第5話 優先度の低いマジックアイテムを多数検知

 宿を出た俺は、シオンのナビに従って道具屋へ行く――前に食事のために屋台へ寄っていた。


 購入したのは、何かの肉の串焼き。ドロリとした赤茶色のソースが香ばしく薫り、脂がガツンとくるなかなかのお味。


『んぐっ、かなりいける。何の肉か分からないけど』


『推定。イノシシ肉』


「おじさん、これは何の肉なの?」


「おう、これかい? これはフォレストディアーっていう魔物の肉さ。脂がのっててうまいだろ、嬢ちゃん?」


「とっても美味しいです」


「そうだろそうだろ、わははは」


 ディアーってことは鹿肉だな。


『情報をアップデート。イノシシをフォレストディアーとして登録しました』


 いやそれは違うだろ。フォレストディアーという魔物を見たことないけど違うだろ。一旦アップデートは保留にしておこう、な?


『情報のアップデートを保留しました』


 よしよし。


 お腹も膨れたし、改めて道具屋へと向かう。


 王都は山を背にした王城を中心に、半円状に広がっている。山が北、半円が南側だ。


 半円の中心から、王城・貴族街・第1防壁・市民街・第2防壁という構造になっていて、目的の道具屋は、市民街の西側、商業区にある。ちなみに宿屋は南側の住宅区にある。


 南から緩やかにカーブしながら西へと向かうメインストリートを歩いていくと、そのお店が見えてきた。


 石と木でできた4階建ての建物は、周囲のお店よりも頭1つ高く、店構えもなんだかおしゃれだ。人の出入りも多く、人気であることが分かる。


「メリル総合雑貨店。ここか」


『肯定。市民街では特に品質が良く、信頼性の高い道具が購入できます』


『ほほう。ちょっと楽しみだな』


 お店の中は小さなスペースに区切られていて、スペースごとに商品の種類が分けられている。百貨店に近い感じだ。


『生活雑貨と野営道具はどこだ?』


『エリアマップを表示』


「いらっしゃいませお客様。何かお探しですか?」


「あ、はい。生活雑貨と野営のための道具を探しています」


「分かりました。どちらも2階にございますので、ご案内いたします」


「ありがとうございます」


 接客が行き届いているな。日本でも通用するレベルだ。シオンはもうエリアマップを消しても良いぞ。


『了承。エリアマップを非表示』


「失礼ですが、お客様はマジックバッグをお持ちですか?」


 マジックバッグ?


『マジックバッグとは、見かけ以上の容量を持つ鞄類の総称です』


 そんな物があるのか。ちょっと情報を出してくれ。ふむふむ。これは便利だな。


「いえ、持っていないです」


「でしたら、ぜひ1つは購入することをお勧めいたします。野営のための道具はそのままですと嵩張りますが、マジックバッグがあれば持ち運びに大変便利です」


『それなら、まずマジックバッグを見るべきか』


『肯定。店員の妨害が無ければ、最初にマジックバッグの選定を行う予定でした』


 妨害って、店員さんは良かれと思って案内してくれたんだから。あんまりひどいことを言ったらダメだぞ。


『了承』


 マジックバッグ売り場も2階にあり、様々なタイプの鞄が並んでいる。


 こうした不思議な効果を持つアイテムはマジックアイテムと呼ばれ、他にもいろいろな種類があるんだとか。
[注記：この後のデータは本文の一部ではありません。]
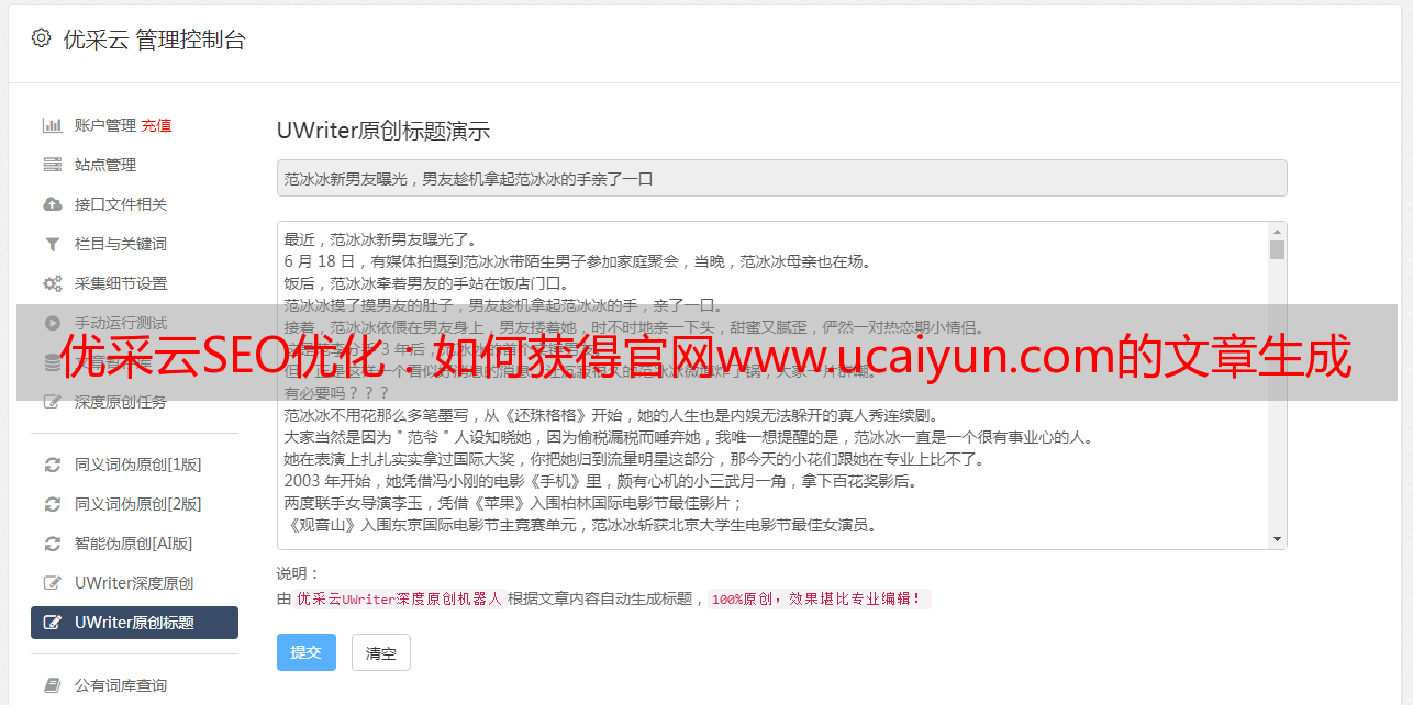 优采云SEO优化:如何获得官网www.ucaiyun.com的文章生成源码

『錬金術で作製できるのか。あとでどんなものがあるか教えてくれ』


『了承。野営に役立つものは、今表示します』


『お、ありがとう』


 悩んだ末に、財布や小物用に小さなポーチを1つと、小さめのリュックサックを購入した。どちらも結構良いお値段がして、所持金の4分の1が吹っ飛んでいった。日本円換算だとざっくり30万円くらいだ。
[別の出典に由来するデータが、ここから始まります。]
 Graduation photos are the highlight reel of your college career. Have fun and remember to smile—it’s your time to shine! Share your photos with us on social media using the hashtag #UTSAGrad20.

「それでは改めて生活雑貨と野営道具をご案内いたします」


 生活雑貨と野営道具は結構被っている商品も多く、2つのスペースを往復しながら吟味をして、納得いくものを購入できた。


「お買い上げありがとうございました。またお越しください」


「ありがとうございました」


 店員さんはいっぱい売れてほくほく。俺もマジックアイテムを購入できてほくほく。さらに所持金の4分の1が吹っ飛んだが、これは初期投資ってやつだ。


『否定。優先度の低いマジックアイテムを多数検知』


 いやいや、日本育ちのひ弱っぷりを舐めたらいけない。火種のマジックアイテムがなければ、火も起こせないよ。


『否定。指先をすり合わせることで火を起こせます』


 あっ、すー……。確かにできますね。バイオロイドパワーで指パッチンすれば余裕で火を起こせますね。


 よし、冒険者登録したら、しばらくは自分の能力の把握に努めよう。